Altri macro-nutrienti
Un altra questione relativa alla fase di carico dei carboidrati è quante proteine e  grassi vanno consumati. Se l'introduzione dei carboidrati è adeguata, le proteine e i grassi non hanno effetti sulla resintesi del glicogeno. Comunque molte persone hanno costatato che il consumo di grassi diminuisce l'appetito e dunque potrebbe diminuire l'assunzione dei carboidrati necessari alla ricarica.

Alcuni studi mostrano che una assunzione più alta nella percentuale di carboidrati che non nella percentuale di proteine , può incrementare la naturale produzione di testosterone. Questo è anche ciò che accade nelle prime 24 ore della ricarica dei carboidrati, in cui le percentuali sono 70% carbo, 15% Prot., e 15% grassi.

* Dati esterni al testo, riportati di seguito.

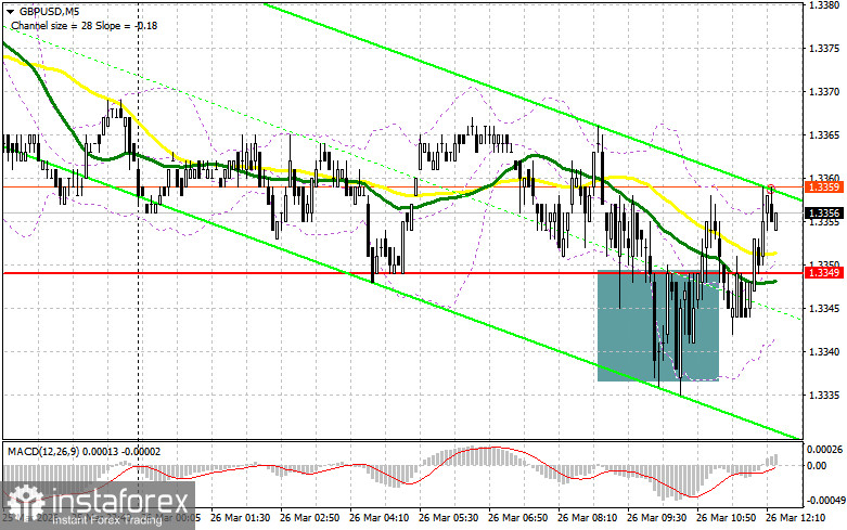 В своем утреннем прогнозе я обращал внимание на уровень 1.3349 и планировал от него принимать решения по входу в рынок. Давайте посмотрим на 5-минутный график и разберемся с тем, что там произошло. Снижение и формирование ложного пробоя в районе 1.3349 привели к точке входа на покупку фунта, что вылилось в небольшое движение пары вверх лишь на 10 пунктов. На вторую половине дня техническая картина была пересмотрена.

Molti bodybuilder potrebbero sostenere che il 15% di proteine è troppo poco, ma non è così. Prima di tutto una dieta ipercalorica è dimostrato che incrementa la ritenzione di azoto e quindi diminuisce il fabbisogno proteico. Un buono studio, i cui soggetti hanno mangiato sempre la stessa quantità di proteine, 1,25 g/Kg/al giorno, ma con quantità diverse di calorie complessive, ha dimostrato che un aumento del 15% delle calorie ha favorito la ritenzione di azoto tra i 7,2 mg/Kg/giorno ed i 23,8. Quando l'assunzione calorica è stata aumentata del 30% rispetto ai veri fabbisogni, l'equilibrio dell'azoto ha raggiunto il valore di 33,3 mg/Kg/ al giorno. Inoltre dato che l'apporto calorico è alto, il 15% di proteine rappresenta comunque una quota che si aggira attorno ai 2 grammi per Kg di peso corporeo.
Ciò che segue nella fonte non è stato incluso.